#### GIVEN ENTRIES
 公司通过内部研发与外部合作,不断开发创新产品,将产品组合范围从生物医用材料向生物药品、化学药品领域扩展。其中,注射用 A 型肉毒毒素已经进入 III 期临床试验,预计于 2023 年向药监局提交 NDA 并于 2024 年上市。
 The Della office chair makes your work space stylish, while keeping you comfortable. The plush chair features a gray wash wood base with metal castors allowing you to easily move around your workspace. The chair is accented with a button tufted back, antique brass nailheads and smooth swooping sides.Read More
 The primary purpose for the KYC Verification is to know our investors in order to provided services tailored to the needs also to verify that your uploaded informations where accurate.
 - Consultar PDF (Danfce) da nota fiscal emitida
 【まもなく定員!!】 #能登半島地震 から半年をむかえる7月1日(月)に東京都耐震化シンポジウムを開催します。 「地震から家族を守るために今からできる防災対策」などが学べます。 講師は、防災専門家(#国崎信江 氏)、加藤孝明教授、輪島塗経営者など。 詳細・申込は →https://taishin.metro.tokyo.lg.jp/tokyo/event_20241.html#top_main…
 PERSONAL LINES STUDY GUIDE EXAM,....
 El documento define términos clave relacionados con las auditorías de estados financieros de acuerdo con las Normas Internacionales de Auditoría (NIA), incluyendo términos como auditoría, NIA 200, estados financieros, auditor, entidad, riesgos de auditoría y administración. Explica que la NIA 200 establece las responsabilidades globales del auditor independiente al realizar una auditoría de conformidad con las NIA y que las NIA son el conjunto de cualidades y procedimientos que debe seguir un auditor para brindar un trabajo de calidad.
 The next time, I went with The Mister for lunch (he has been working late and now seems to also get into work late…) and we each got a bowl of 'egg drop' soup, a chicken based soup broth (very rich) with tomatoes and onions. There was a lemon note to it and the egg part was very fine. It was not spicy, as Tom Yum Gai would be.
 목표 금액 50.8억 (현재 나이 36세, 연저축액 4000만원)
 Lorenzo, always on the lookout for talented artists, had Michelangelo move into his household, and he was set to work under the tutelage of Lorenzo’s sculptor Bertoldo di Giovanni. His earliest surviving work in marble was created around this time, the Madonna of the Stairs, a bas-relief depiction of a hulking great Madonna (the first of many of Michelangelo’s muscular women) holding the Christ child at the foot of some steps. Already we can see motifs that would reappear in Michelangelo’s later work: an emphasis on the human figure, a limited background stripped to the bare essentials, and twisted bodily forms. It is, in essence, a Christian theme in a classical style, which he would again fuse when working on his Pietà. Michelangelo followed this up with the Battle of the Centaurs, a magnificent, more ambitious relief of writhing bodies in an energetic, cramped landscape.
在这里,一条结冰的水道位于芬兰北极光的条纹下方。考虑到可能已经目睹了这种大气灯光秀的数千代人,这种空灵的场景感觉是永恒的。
...
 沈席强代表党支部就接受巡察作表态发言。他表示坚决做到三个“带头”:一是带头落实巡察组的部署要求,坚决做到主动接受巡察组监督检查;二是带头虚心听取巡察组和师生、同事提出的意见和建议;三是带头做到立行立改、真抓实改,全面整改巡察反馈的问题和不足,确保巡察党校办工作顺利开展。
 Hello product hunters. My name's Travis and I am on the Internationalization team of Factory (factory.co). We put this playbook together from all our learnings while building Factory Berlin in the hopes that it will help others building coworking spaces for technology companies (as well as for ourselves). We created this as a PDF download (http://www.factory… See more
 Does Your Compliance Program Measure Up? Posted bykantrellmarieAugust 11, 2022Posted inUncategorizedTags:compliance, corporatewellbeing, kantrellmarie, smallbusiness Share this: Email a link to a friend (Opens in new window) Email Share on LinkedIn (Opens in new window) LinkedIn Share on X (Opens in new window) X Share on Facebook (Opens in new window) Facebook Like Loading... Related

#### WORK INSTRUCTIONS
Starting at the line above that holds "PERSONAL LINES STUDY GUIDE EXAM,...." and ending at the line that holds "목표 금액 50.8억 (현재 나이 36세, 연저축액 4000만원)", transcribe each line exactly and include no other lines.

#### RESPONSE BELOW
 PERSONAL LINES STUDY GUIDE EXAM,....
 El documento define términos clave relacionados con las auditorías de estados financieros de acuerdo con las Normas Internacionales de Auditoría (NIA), incluyendo términos como auditoría, NIA 200, estados financieros, auditor, entidad, riesgos de auditoría y administración. Explica que la NIA 200 establece las responsabilidades globales del auditor independiente al realizar una auditoría de conformidad con las NIA y que las NIA son el conjunto de cualidades y procedimientos que debe seguir un auditor para brindar un trabajo de calidad.
 The next time, I went with The Mister for lunch (he has been working late and now seems to also get into work late…) and we each got a bowl of 'egg drop' soup, a chicken based soup broth (very rich) with tomatoes and onions. There was a lemon note to it and the egg part was very fine. It was not spicy, as Tom Yum Gai would be.
 목표 금액 50.8억 (현재 나이 36세, 연저축액 4000만원)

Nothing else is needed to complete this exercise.